(Beginning of DATA EXTRACTS)

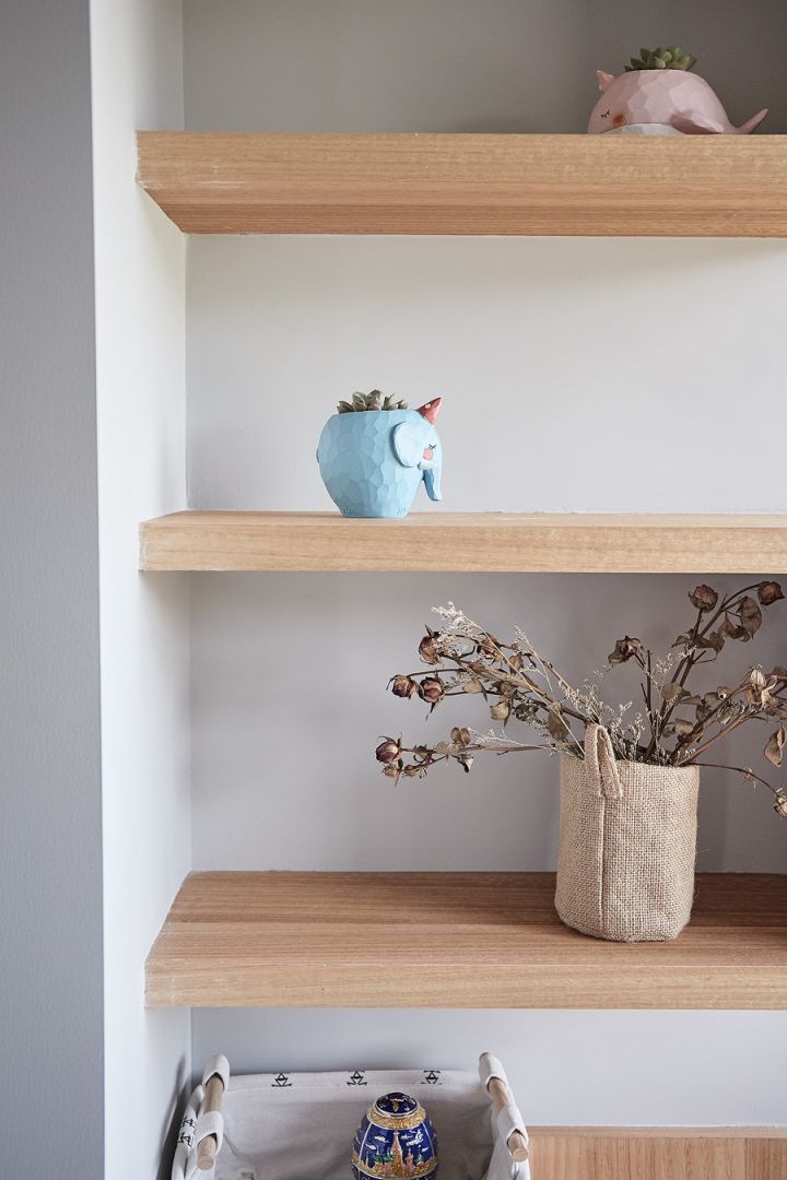 侧墙上打了收纳柜和置物架,要在榻榻米上堆满自己喜欢的玩具和小东西。
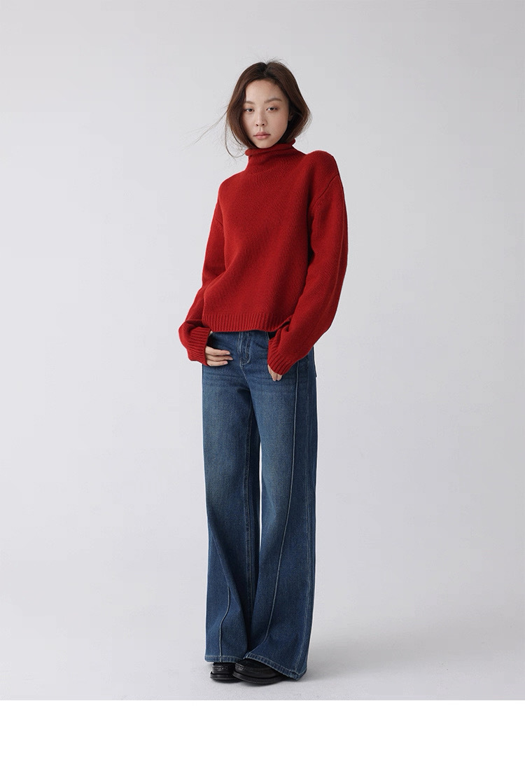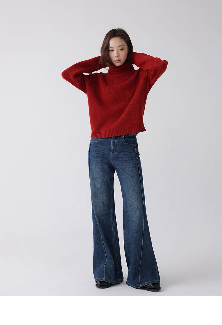 時髦大長腿!高腰彈力小喇叭牛仔褲
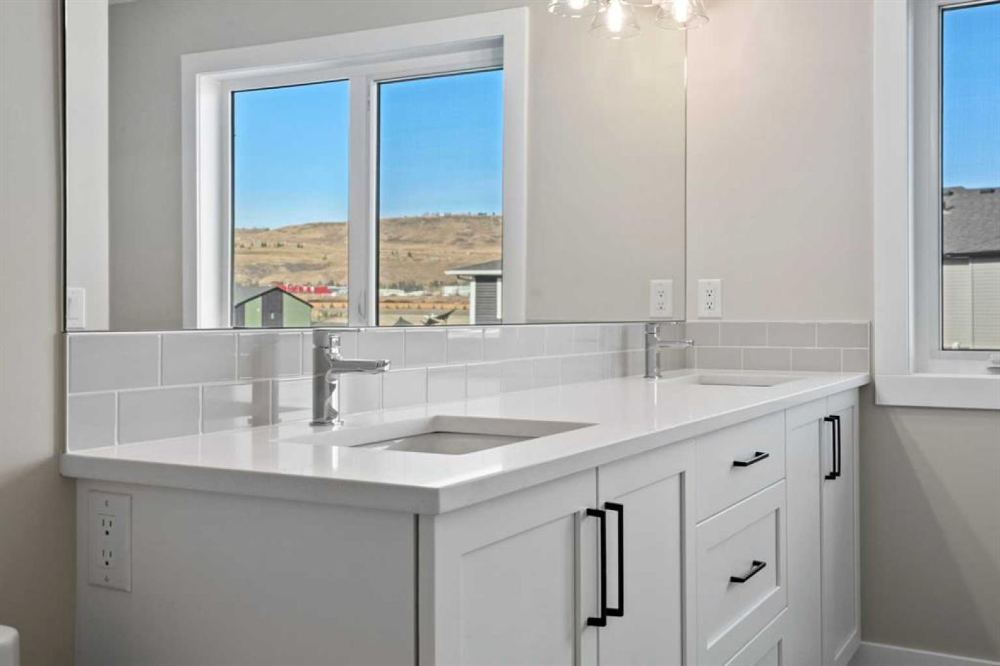 Step inside to a welcoming foyer that opens into a bright, airy main floor where large windows flood the space with natural light. The open-concept kitchen, dining, and living areas flow seamlessly—perfect for everyday living and effortless entertaining. The stylish kitchen features quartz countertops, sleek black hardware, and beautifully crafted MDF built-ins that elevate both function and design. The adjacent living room is anchored by a cozy gas fireplace, creating a warm and inviting atmosphere. A convenient powder room completes this level.
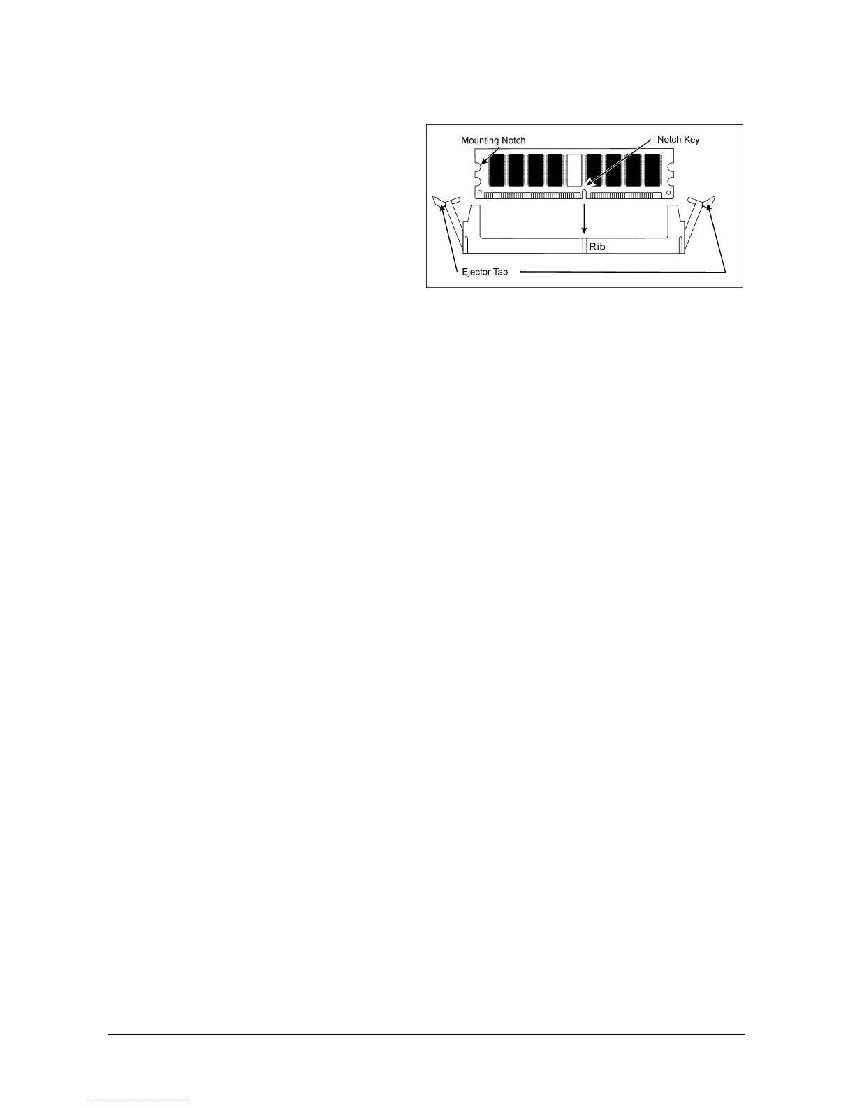 automatically snaps into the mounting notch. Do not force the DIMM module in with extra
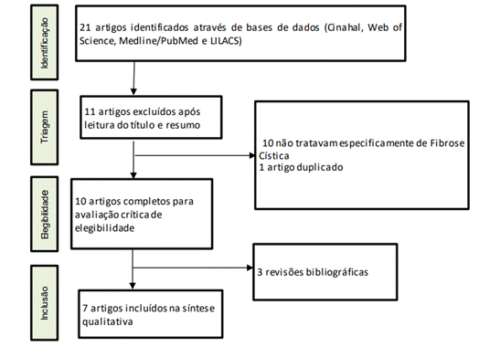 A partir da busca nas bases de dados, o método de seleção e de inclusão dos estudos ocorreu seguindo as seguintes etapas: primeiro, leitura de todos os títulos e resumos, um total de 21 produções científicas. Nesta etapa foram excluídos 11 artigos, dentre estes, 10 por não tratarem especificamente sobre transição de cuidados e Fibrose Cística, e 1 por duplicidade. Em seguida, procedeu-se a leitura na íntegra 10 artigos, destes, 3 foram excluídos por se tratarem de revisões bibliográficas e 7 produções foram incluídas neste estudo.
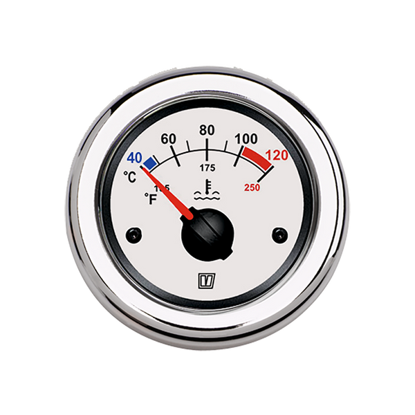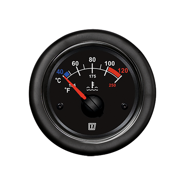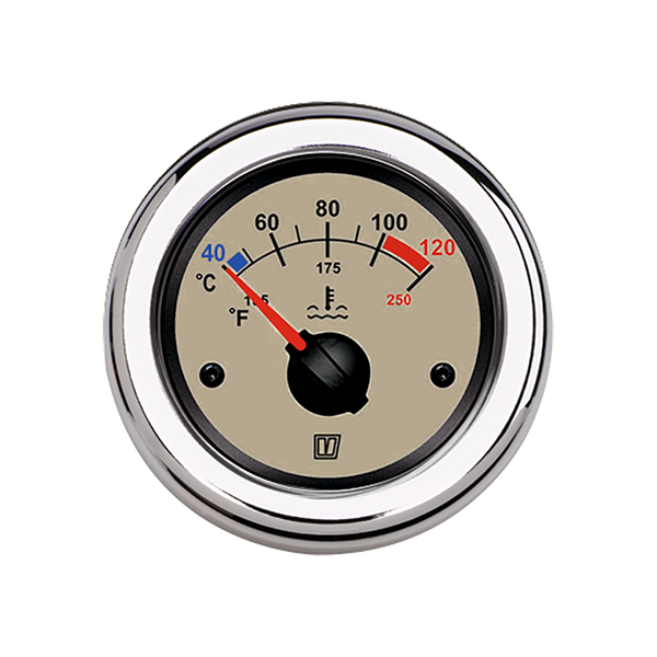 The gauge is calibrated 40-120°C and 105-250°F and is suitable for use with Vetus temperature sender TEMPSR120 (single pole) or TEMPSR122 (dual pole).
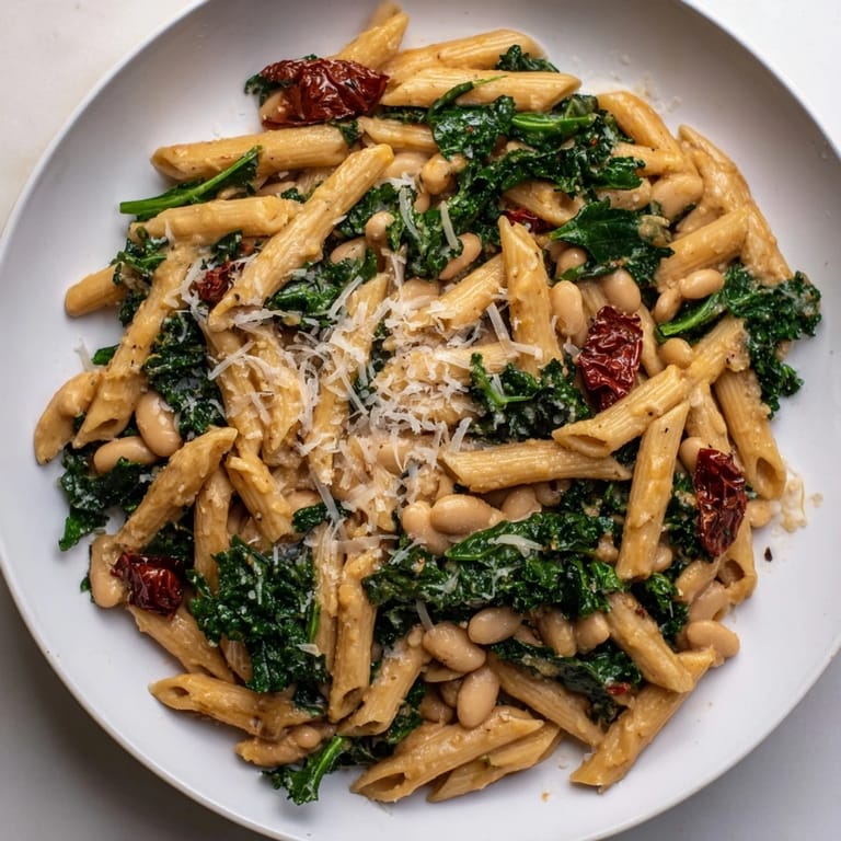 Save A festive, wholesome pasta dish featuring creamy white beans, hearty kale, and aromatic herbs—perfect for a nourishing holiday meal.

(End of DATA EXTRACTS)

GOAL OF THE EXERCISE: An exact copy of all the records is required, with the pictures omitted.

TASK ANSWER:
 侧墙上打了收纳柜和置物架,要在榻榻米上堆满自己喜欢的玩具和小东西。
 時髦大長腿!高腰彈力小喇叭牛仔褲
 Step inside to a welcoming foyer that opens into a bright, airy main floor where large windows flood the space with natural light. The open-concept kitchen, dining, and living areas flow seamlessly—perfect for everyday living and effortless entertaining. The stylish kitchen features quartz countertops, sleek black hardware, and beautifully crafted MDF built-ins that elevate both function and design. The adjacent living room is anchored by a cozy gas fireplace, creating a warm and inviting atmosphere. A convenient powder room completes this level.
 automatically snaps into the mounting notch. Do not force the DIMM module in with extra
 A partir da busca nas bases de dados, o método de seleção e de inclusão dos estudos ocorreu seguindo as seguintes etapas: primeiro, leitura de todos os títulos e resumos, um total de 21 produções científicas. Nesta etapa foram excluídos 11 artigos, dentre estes, 10 por não tratarem especificamente sobre transição de cuidados e Fibrose Cística, e 1 por duplicidade. Em seguida, procedeu-se a leitura na íntegra 10 artigos, destes, 3 foram excluídos por se tratarem de revisões bibliográficas e 7 produções foram incluídas neste estudo.
 The gauge is calibrated 40-120°C and 105-250°F and is suitable for use with Vetus temperature sender TEMPSR120 (single pole) or TEMPSR122 (dual pole).
 Save A festive, wholesome pasta dish featuring creamy white beans, hearty kale, and aromatic herbs—perfect for a nourishing holiday meal.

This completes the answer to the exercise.